TBH, I seriously doubt it 😠

is that a 30bit/pixel screen?

Sure.

i'll look at this and will see what i can do

Looking forward to it. I consider vkdt to be very promising software, even on this early stage. Well, maybe except the GUI part 😁 Also, probably the upscayl code is also worth looking into as a reference...

hanatos commented 1 year ago

as for the 30-bit rendering thing: you should have something in your vkdt -d qvk output that states

[qvk] available surface formats:
[qvk] B8G8R8A8_UNORM
[qvk] B8G8R8A8_SRGB

and also lists a version with some 10s in between. the images look like that's not the case and it renders in 8-bit anyways (to be reinterpreted as 10-bit per channel later on by xorg). i didn't know amd could do that anyways.

qosch commented 1 year ago

Okay I just went through git bisect but here's the issue: going back to commits from December, I get nothing but crashes.
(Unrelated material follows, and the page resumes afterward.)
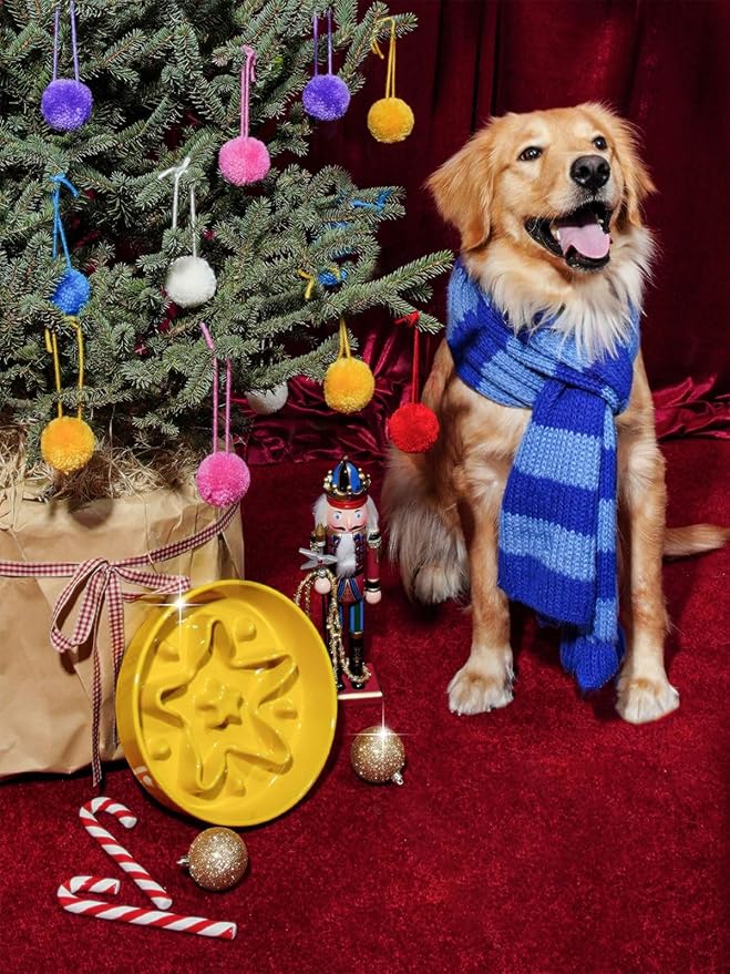 LE TAUCI Slow Feeder Dog Bowls Ceramic, 1.5 Cups Dog Food Bowl, Puppy Slow Feeder Dish for Fast Eaters, Star Yellow

Sometimes on opening vkdt, sometimes on opening the darkroom. Anyway, if I did nothing wrong (I went through sudo make clean, sudo make install /opt/vkdt/bin/vkdt, then tested, then git bisect XXX), the first bad commit seems to be 72f14df48a40a0f4e9ef975b33baf567f2c06861 . "Bad" being the artifacts described in this issue, "good" being mostly crashes. After having typed this, I tried going to the first "bad" commit (so the first showing the behaviour described here) but got a crash as well. So I guess this means no new insights in this comment :D I just tried the next commit 72f14df48a40a0f4e9ef975b33baf567f2c06861 , it does show the behaviour for me. No idea if it is the first commit, though. I also noticed that I often got ../mesa-22.3.3/src/vulkan/wsi/wsi_common_x11.c:1629: Swapchain status changed to VK_ERROR_SURFACE_LOST_KHR in the console.
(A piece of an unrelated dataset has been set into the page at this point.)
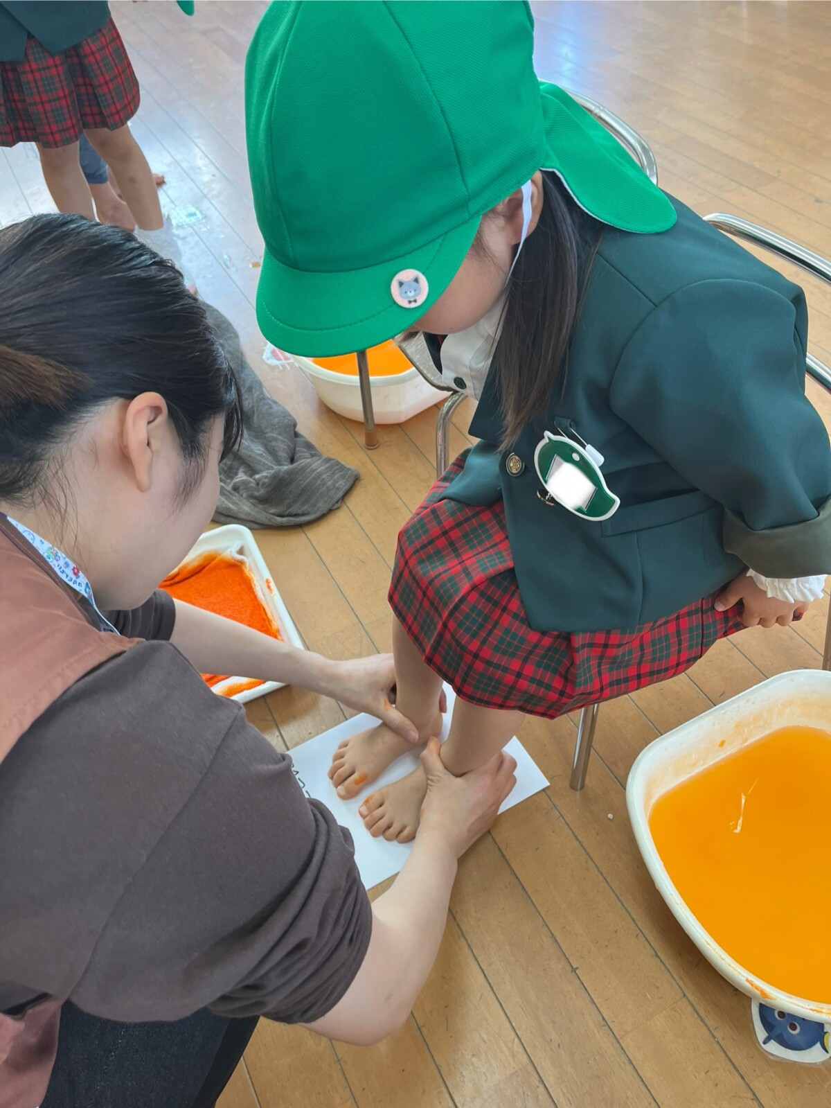 花鶴丘幼稚園では足形をとり土踏まずの形成を確認しています。

kanyck commented 1 year ago

amdgpu-pro:

[qvk] available surface formats:
[qvk] B8G8R8A8_UNORM
[qvk] B8G8R8A8_SRGB
[qvk] colour space: 0
[qvk] available surface formats:
[qvk] B8G8R8A8_UNORM
[qvk] B8G8R8A8_SRGB
[qvk] colour space: 0
[qvk] error VK_TIMEOUT executing vkAcquireNextImageKHR(qvk.device, qvk.swap_chain, 2ul<<30, image_acquired_semaphore, VK_NULL_HANDLE, &vkdt.frame_index)!
[qvk] available surface formats:
[qvk] B8G8R8A8_UNORM
[qvk] B8G8R8A8_SRGB
... errors repeated

RADV:

[qvk] available surface formats:
[qvk] A2R10G10B10_UNORM_PACK32
[qvk] colour space: 0
[qvk] available surface formats:
[qvk] A2R10G10B10_UNORM_PACK32
[qvk] colour space: 0
[qvk] available surface formats:
[qvk] A2R10G10B10_UNORM_PACK32
hanatos commented 1 year ago

thanks for the additional info:

qosch: right, depending on compiler mood it would not have worked at all before this commit. will have to see for myself i suppose.
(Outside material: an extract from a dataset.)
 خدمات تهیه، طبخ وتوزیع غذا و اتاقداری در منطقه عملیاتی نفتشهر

kanyck: seems amdgpu-pro does not do 30-bit rendering, screenshot is as i thought. you sure upscayl uses vulkan for anything intelligible? looks to me like electron/js + magic binaries to do the actual work?

maybe there's some other setting/feature that amd is generally unhappy about that i can disable.

kanyck commented 1 year ago

seems amdgpu-pro does not do 30-bit rendering, screenshot is as i thought.

Obviously.

you sure upscayl uses vulkan for anything intelligible?

Not a bit 😺 I just know that it demands vulkan to start, so I concluded it does something useful with it. And, it's a strange beast giving questionable results. At least, most of the modes didn't work well for me, and others spoil hues. JFYI.

hanatos commented 1 year ago

fwiw i am interested in doing the inferencing for some specific cnn models in vkdt, mostly for denoising. who knows maybe it works for demosaicing too. i have restrictive ideas about performance constraints though. these huge models look like they would take many seconds if not minutes to evaluate for a large image.

kanyck commented 1 year ago

FWIW you may be interested in this https://www.supergoodcode.com/through-the-loop/

hanatos commented 1 year ago

confirmed. related to https://gitlab.freedesktop.org/mesa/mesa/-/issues/6702 and fixable on my end, see a65d28cc. please pull and test again!

kanyck commented 1 year ago

Looks like it's fixed! Will do some more testing, but for now I can't see any artifacts. Thanks!